▶ _WORKING DATA_:
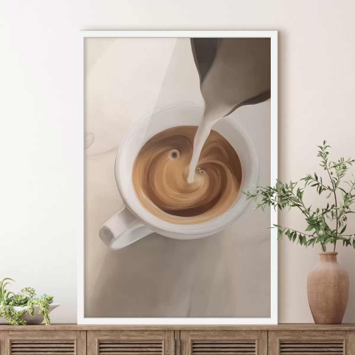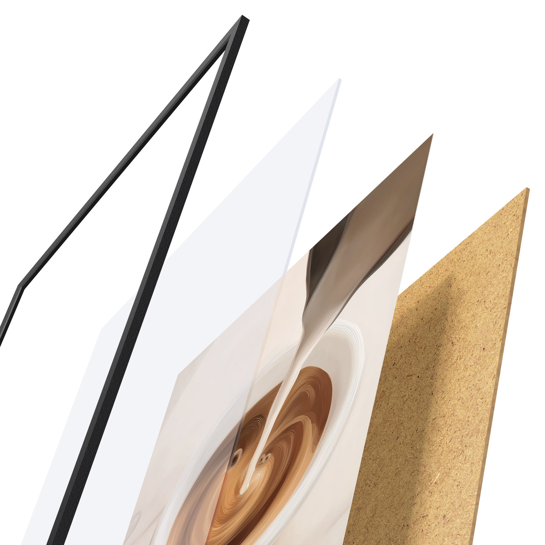 De poster bestaat uit een frame, plexiglas, geprinte afbeelding en spaanplaat achterkant. De poster kan meteen aan de muur worden gehangen dankzij de bevestigingen op de achterkant.
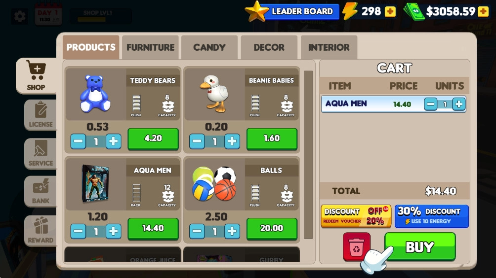 本作以经营玩法为主,你将体验到从零开始打造一个玩具超市的乐趣。你需要负责商品的进货、摆放、定价,以及店铺的装修和扩建。通过不断地努力和创新,将你的小店发展成为一个远近闻名的玩具购物中心。
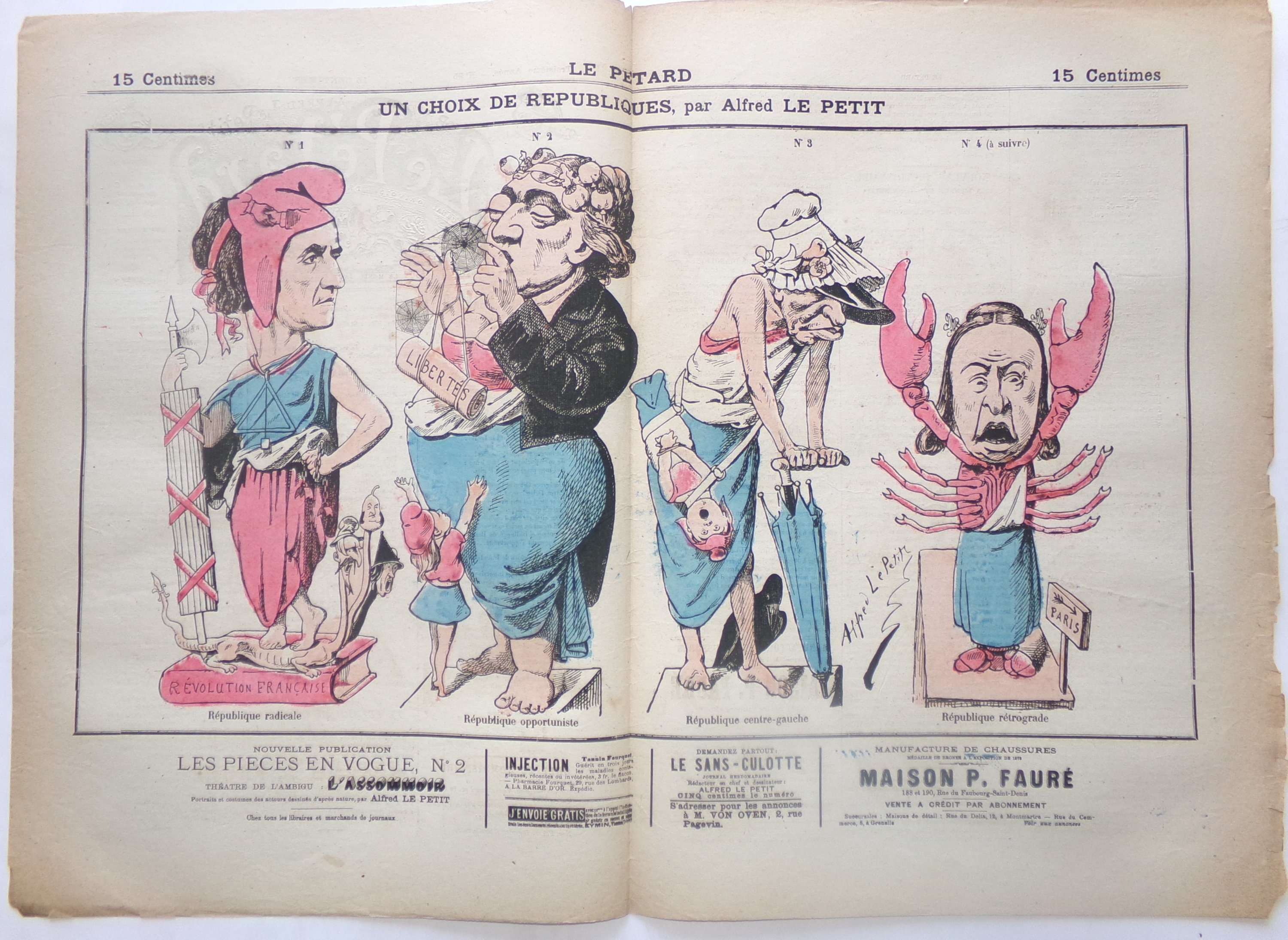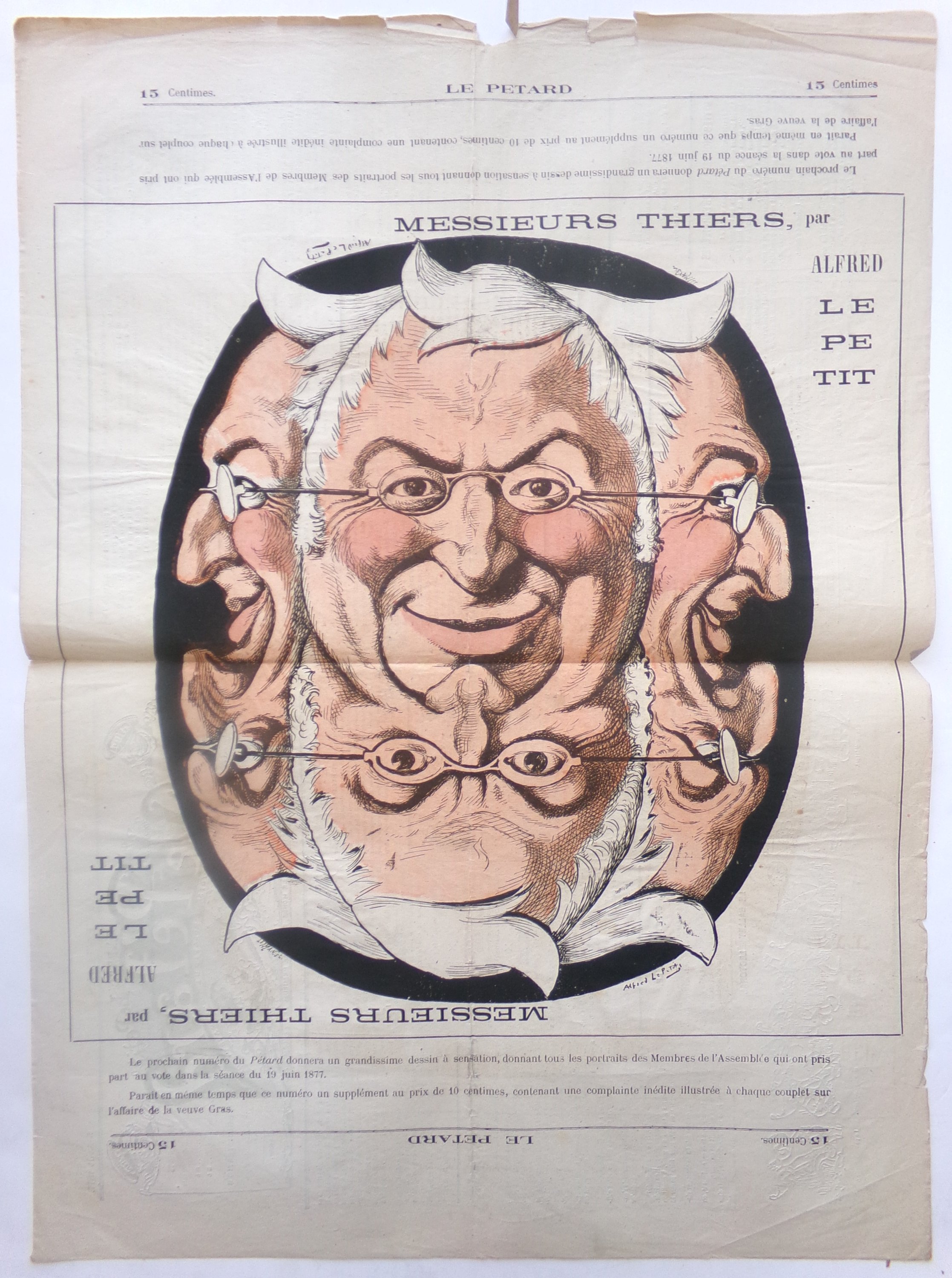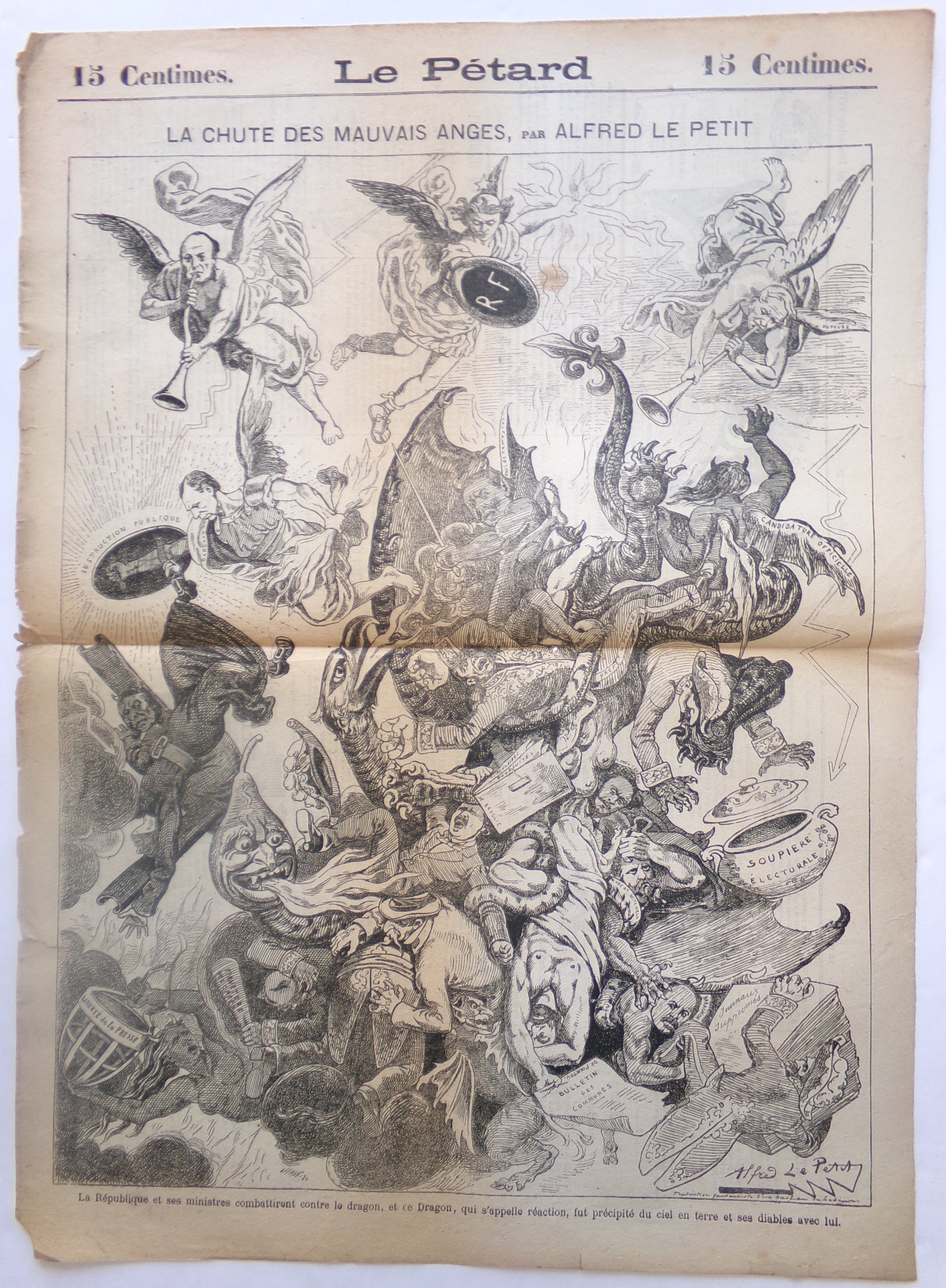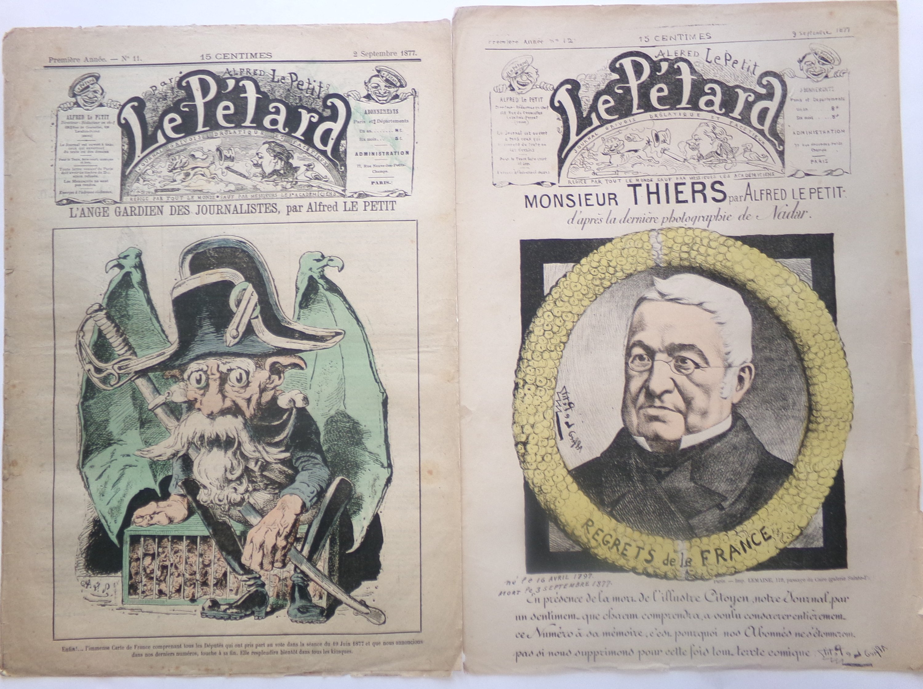 Le Pétard, 85 numéros (avec des doubles) entre le n°2 (1er juillet 1877) et n°99. Journal satirique fait entièrement par Alfred Le Petit qui est paru régulièrement jusqu’au n°97 (1879). Il lui a fallu ensuite attendre 9 ans pour publier les 15 derniers numéros qui se termine au n°112 d’août 1888. Peu courant. Etat moyen à T.B.E.
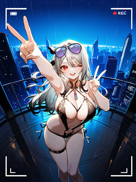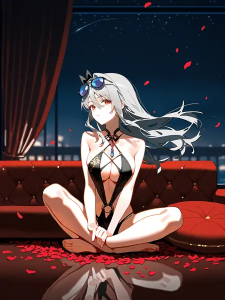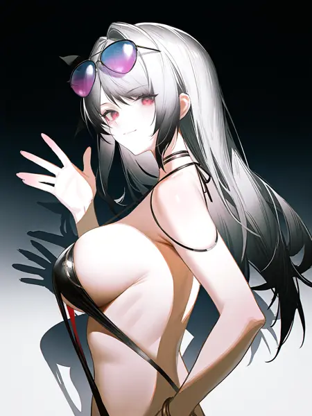 프롬프트: Nerida, Nerida-Styx_Envoy_(Sunspray Surge), red eyes, grey hair, solo, eyewear on head, black swimsuit, black hair ornament, side braid
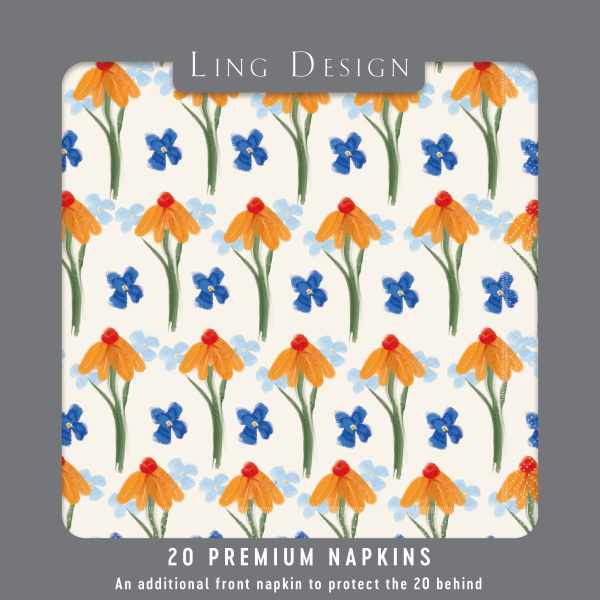 Premium decorative disposable napkins. Plastic packaging free, 20 napkins contained with an additional 1 napkin (21 in total) provided for hygiene purposes. 3 ply responsibly sourced certified tissue paper 330mm x 330mm.
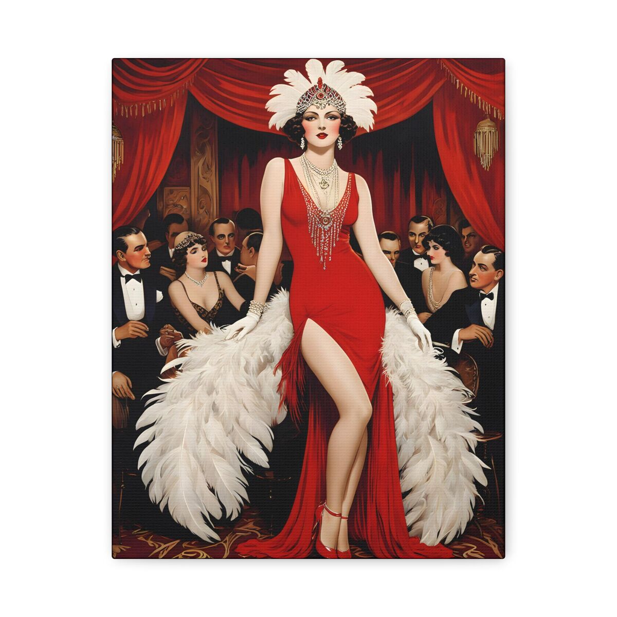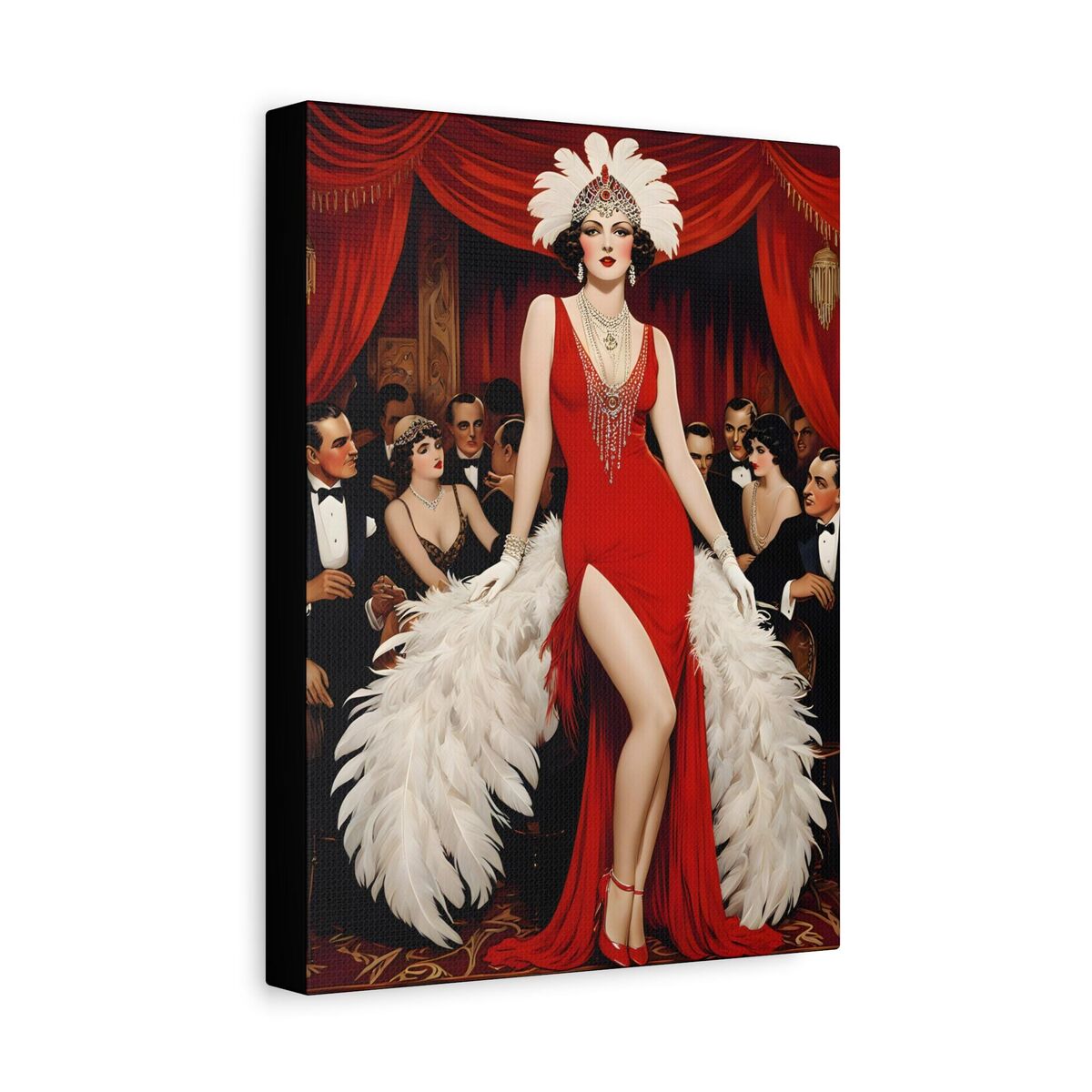 Lady In Red Speakeasy Wall Art Ziegfeld Girl Art Deco Canvas Print Gatsby Flapper Girl Portrait 1920s Gatsby Style Home Decor Poster

▶ _TASK TO COMPLETE_: Copy exactly, please, the lines that run from the line holding "Premium decorative disposable" through the closing line of the material above, omitting every picture.

▶ _EXERCISE RESPONSE_:
 Premium decorative disposable napkins. Plastic packaging free, 20 napkins contained with an additional 1 napkin (21 in total) provided for hygiene purposes. 3 ply responsibly sourced certified tissue paper 330mm x 330mm.
 Lady In Red Speakeasy Wall Art Ziegfeld Girl Art Deco Canvas Print Gatsby Flapper Girl Portrait 1920s Gatsby Style Home Decor Poster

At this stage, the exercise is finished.